Девятое число стало особенным для всех.

     Накануне женского праздника руководство решило порадовать передовиков, и оплатило им поездку в Суздаль на несколько дней. После экскурсий по городу, музею и монастырю все собрались в ресторане. Оплаченное веселье и ценные подарки от руководства радовали всех, кроме Михаила Львовича. После той злосчастной вечеринки в новогоднюю ночь он никогда более не пригубил спиртного. Его «закодировали» на всю оставшуюся жизнь. Очередные попытки развеселившихся сотрудниц пробить брешь в глухой обороне главбуха не имели успеха. Он рано ушел спать, и еще долго ворочался на неудобной кровати в одноместном номере гостиницы. Озорные голоса и перезвон стаканов у его двери не подняли его с кровати. Даже более позднее тихое призывное постукивание и последующее томное дыхание, не открыли дверь его номера. Но этот стон страсти справа за стеной так взбудоражил воображение Миши, что он не мог совладать с собой.
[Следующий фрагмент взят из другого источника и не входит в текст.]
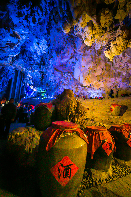③ 溶洞藏酒:旱洞里辟有一处酒窖,洞藏着与桂林辣椒酱、桂林豆腐乳并称为“桂林三宝”的三花酒。由于洞中冬暖夏凉,常年温度保持在19℃-20℃,湿度在90%以上,由于临江,洞内保持了一定的湿度。洞藏酒窖恒温恒湿的环境特别适合酒的陈放和老熟,有“洞中方一日,世间已千年”的效果。据说早从唐代开始,当地人就一直把溶洞当作三花酒的天然酒窖。三花酒经洞内贮藏,老熟后,醇净绵甜,乃酒中珍品。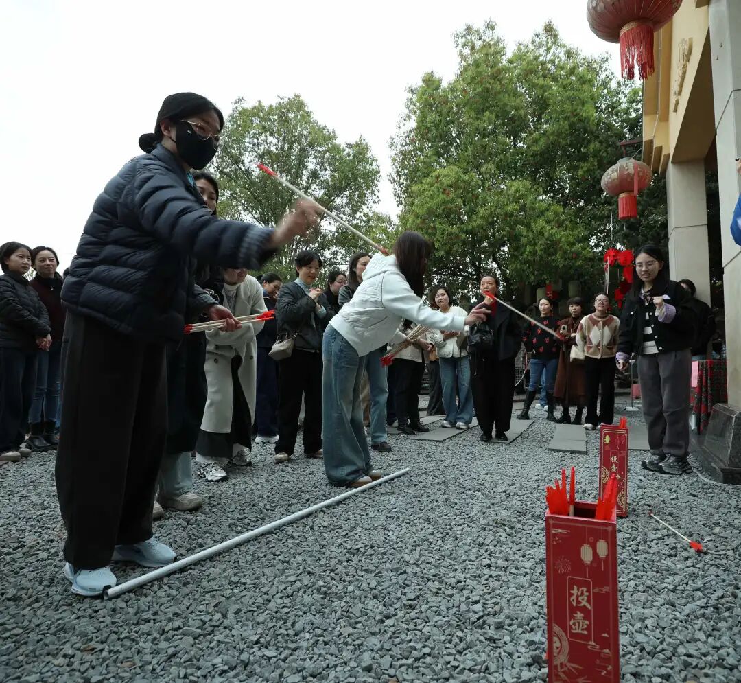 午后春光里,趣味游戏让现场欢声笑语不断,成为春日里最动人的旋律:古韵悠悠的投壶游戏中,大家凝神聚力、抬手投箭,在传统民俗里尽享乐趣;气球传送游戏里,大家默契配合、小心传递,信任在并肩间流转,情谊在协作中升温;寻“宝藏”环节中,大家循着线索,以耐心细致与协作配合,寻找春日里的惊喜。

Неопределенные мечты юности и неудачные попытки более зрелого возраста вдруг слились в один порыв и были удовлетворены.

Разом.

     Он так сопереживал незримому акту страсти, что почувствовал себя его активным соучастником до такой степени, что неведомое доселе облегчение разлилось по его членам, наполняя умиротворенностью и покоем. Михаил Львович нежданно для себя открыл то, к чему неосознанно стремился все эти долгие годы. И где – в неудобной кровати обшарпанной гостиницы провинциального городка. Он почувствовал себя так легко и свободно, будто неведомая ноша, которую он вынужден был таскать на своих сутулых плечах, вдруг исчезла. Он дышал всей грудью, радуясь этой возможности, как узник, покинувший затхлый каземат. Миша ощутил приятную истому и радостную усталость от чего-то свершенного, большого и важного. Был ли он счастлив, он еще не знал. Его блуждающий взгляд бесцельно скользил по обшарпанным стенам, пока не наткнулся на календарь. Под пейзажем, изображавшем тающий снег и приход весны, была надпись «март» а ниже – магическое число.

Девять.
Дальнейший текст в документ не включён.